* [PATCH] mkfs.xfs fix sunit size on 512e and 4kN disks.
@ 2025-09-26 12:38 Lukas Herbolt
2025-09-29 6:54 ` Christoph Hellwig
2025-10-15 6:52 ` [PATCH] " Donald Douwsma
0 siblings, 2 replies; 7+ messages in thread
From: Lukas Herbolt @ 2025-09-26 12:38 UTC (permalink / raw)
To: aalbersh, djwong; +Cc: linux-xfs, Lukas Herbolt
Creating of XFS on 4kN or 512e disk result in suboptimal LSU/LSUNIT.

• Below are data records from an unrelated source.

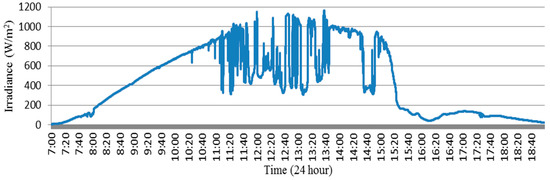 Figure 6 shows the in-plane irradiance (Gi) profile, logged by the weather station on 9 April 2014 [4]. The data is sampled in one second. The profile characterizes a typical day of Equatorial weather: clear sky early in the morning until midday before shifting to a cloudy sky later in the day. However, to produce a one year daily average, a one minute average sampling time is suggested by the IEC 61724 [20], as well as by the Australian PV System Monitoring Guideline (2013) [21]. Based on these recommendations, the one second sampled data (taken from 1 January 2014 to 31 December 2014) is averaged to one minute. In this paper this dataset is known as the “Equatorial data”.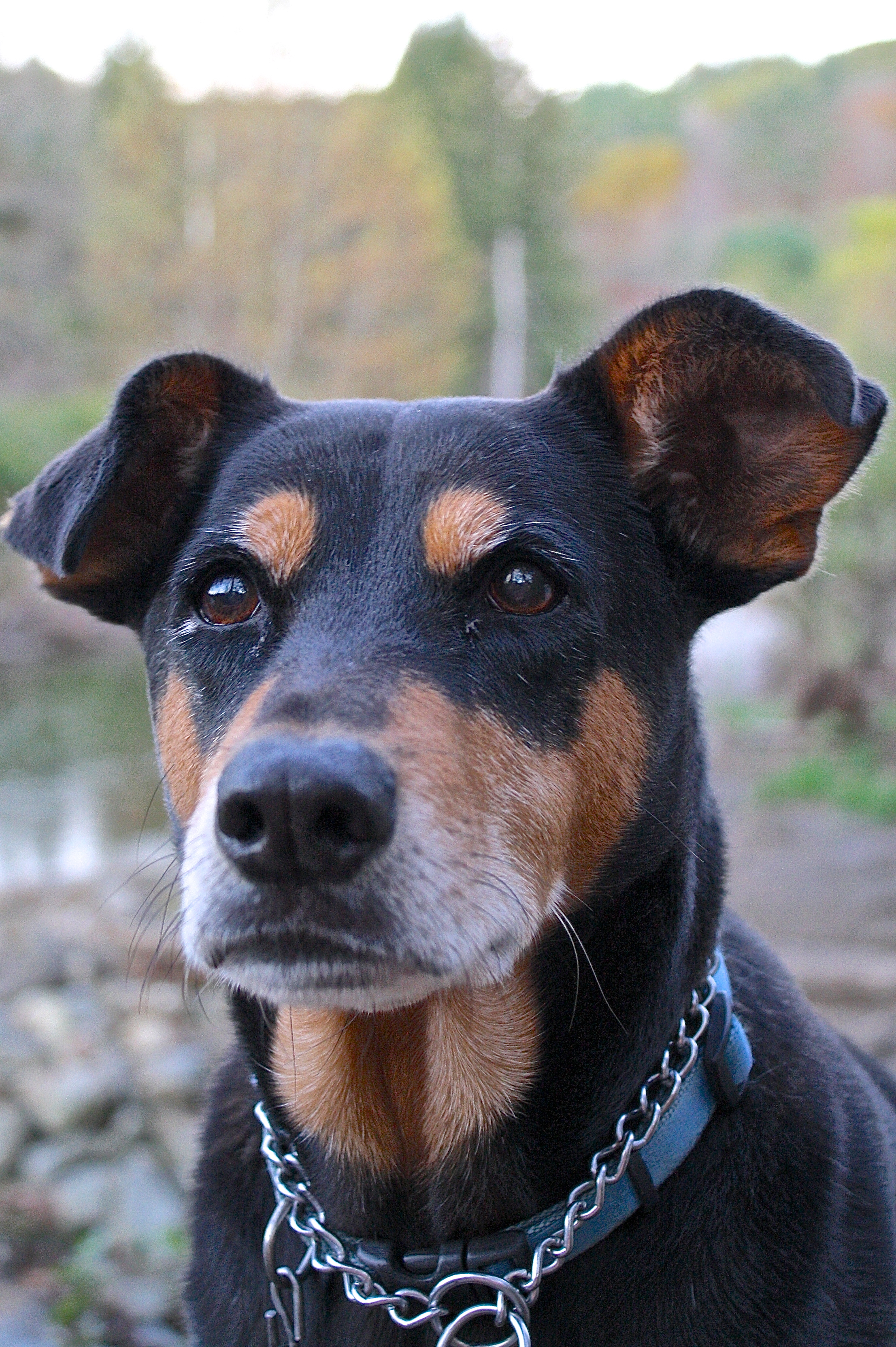 Naturally, she became stiff and sore, but our amazed vet pronounced her healthy. Fed several times daily, by the end of the first week home she had regained her original weight. It took her a long time to overcome her fear of walking in open fields, but resumed her role as sentry of the house and walking companion on the trails around home. She often turns tail and runs back to the house when she smells some animal that she fears as a threat but is invisible to my eyes. Our rule is she can be off-leash only close to the house, anywhere else that girl is attached to me physically as closely as she is emotionally.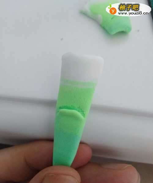 3另一部分是长的,顶部白色的要多一些,借助工具做出嘴巴的形状,嘴唇向外翻一点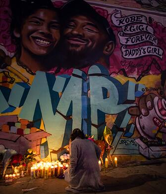 Sotto i volti sorridenti di Kobe e Gianna Bryant i passanti continuano a mettere doni e candele in loro onore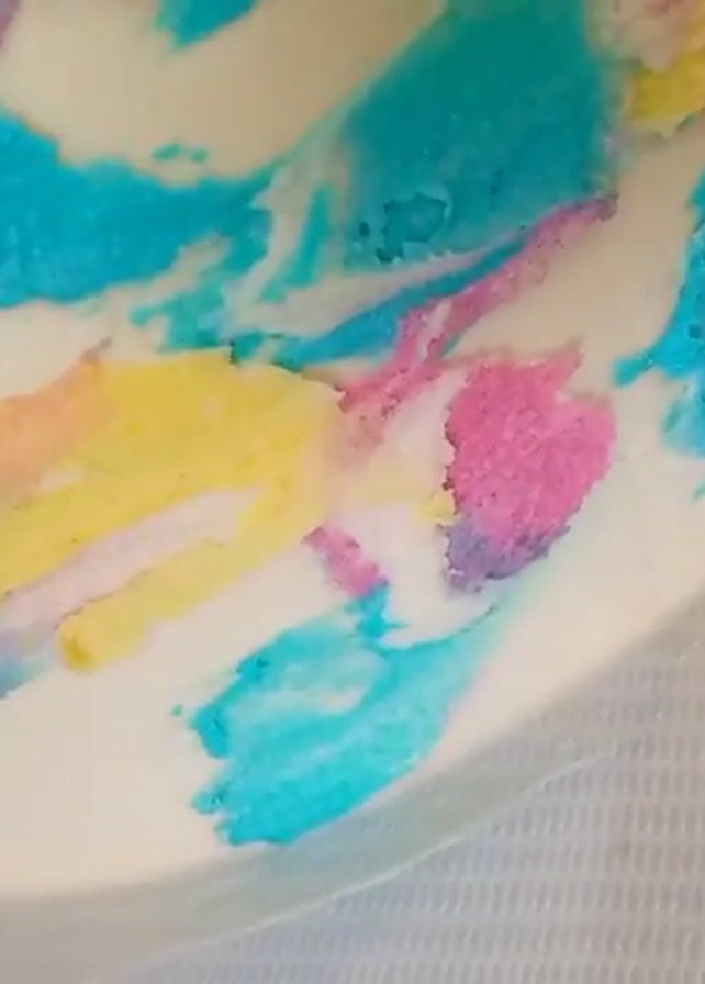 close-up of a cake decorated with white frosting and brightly colored swirls of pink, yellow, and blue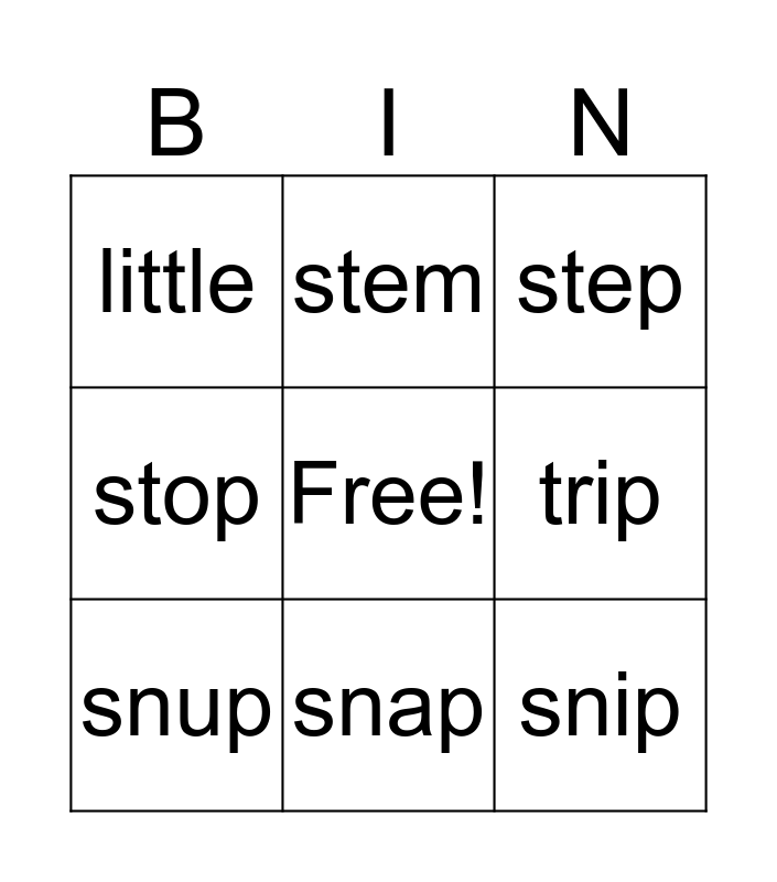 This bingo card has a free space and 11 words: my, snap, snip, snup, stem, step, stop, trap, trip, little and come.

As of now we check if the sectorsize is bigger than XLOG_HEADER_SIZE
and so we set lsu to blocksize. But we do not check the the size if
lsunit can be bigger to fit the disk geometry.
Before:
modprobe scsi_debug inq_vendor=XFS_TEST physblk_exp=3 sector_size=512 \
opt_xferlen_exp=9 opt_blks=512 dev_size_mb=100 virtual_gb=1000; \
lsblk -tQ 'VENDOR == "XFS_TEST"'; \
mkfs.xfs -f $(lsblk -Q 'VENDOR == "XFS_TEST"' -no path) 2>/dev/null; sleep 1; \
modprobe -r scsi_debug
NAME ALIGNMENT MIN-IO OPT-IO PHY-SEC LOG-SEC ROTA SCHED RQ-SIZE RA WSAME
sda 0 262144 262144 4096 512 0 bfq 256 512 0B
meta-data=/dev/sda isize=512 agcount=32, agsize=8192000 blks
= sectsz=4096 attr=2, projid32bit=1
= crc=1 finobt=1, sparse=1, rmapbt=1
= reflink=1 bigtime=1 inobtcount=1 nrext64=1
= exchange=0
data = bsize=4096 blocks=262144000, imaxpct=25
= sunit=64 swidth=64 blks
naming =version 2 bsize=4096 ascii-ci=0, ftype=1, parent=0
log =internal log bsize=4096 blocks=128000, version=2
= sectsz=4096 sunit=1 blks, lazy-count=1
realtime =none extsz=4096 blocks=0, rtextents=0
After:
modprobe scsi_debug inq_vendor=XFS_TEST physblk_exp=3 sector_size=512 \
opt_xferlen_exp=9 opt_blks=512 dev_size_mb=100 virtual_gb=1000; \
lsblk -tQ 'VENDOR == "XFS_TEST"'; \
mkfs.xfs -f $(lsblk -Q 'VENDOR == "XFS_TEST"' -no path) 2>/dev/null; sleep 1; \
modprobe -r scsi_debug
NAME ALIGNMENT MIN-IO OPT-IO PHY-SEC LOG-SEC ROTA SCHED RQ-SIZE RA WSAME
sda 0 262144 262144 4096 512 0 bfq 256 512 0B
meta-data=/dev/sda isize=512 agcount=32, agsize=8192000 blks
= sectsz=4096 attr=2, projid32bit=1
= crc=1 finobt=1, sparse=1, rmapbt=1
= reflink=1 bigtime=1 inobtcount=1 nrext64=1
= exchange=0 metadir=0
data = bsize=4096 blocks=262144000, imaxpct=25
= sunit=64 swidth=64 blks
naming =version 2 bsize=4096 ascii-ci=0, ftype=1, parent=0
log =internal log bsize=4096 blocks=128000, version=2
= sectsz=4096 sunit=64 blks, lazy-count=1
realtime =none extsz=4096 blocks=0, rtextents=0
= rgcount=0 rgsize=0 extents
= zoned=0 start=0 reserved=0
Signed-off-by: Lukas Herbolt <lukas@herbolt.com>
---
mkfs/xfs_mkfs.c | 4 ++++
1 file changed, 4 insertions(+)
diff --git a/mkfs/xfs_mkfs.c b/mkfs/xfs_mkfs.c
index 8cd4ccd7..05268cd9 100644
--- a/mkfs/xfs_mkfs.c
+++ b/mkfs/xfs_mkfs.c
@@ -3643,6 +3643,10 @@ check_lsunit:
lsu = getnum(cli->lsu, &lopts, L_SU);
else if (cfg->lsectorsize > XLOG_HEADER_SIZE)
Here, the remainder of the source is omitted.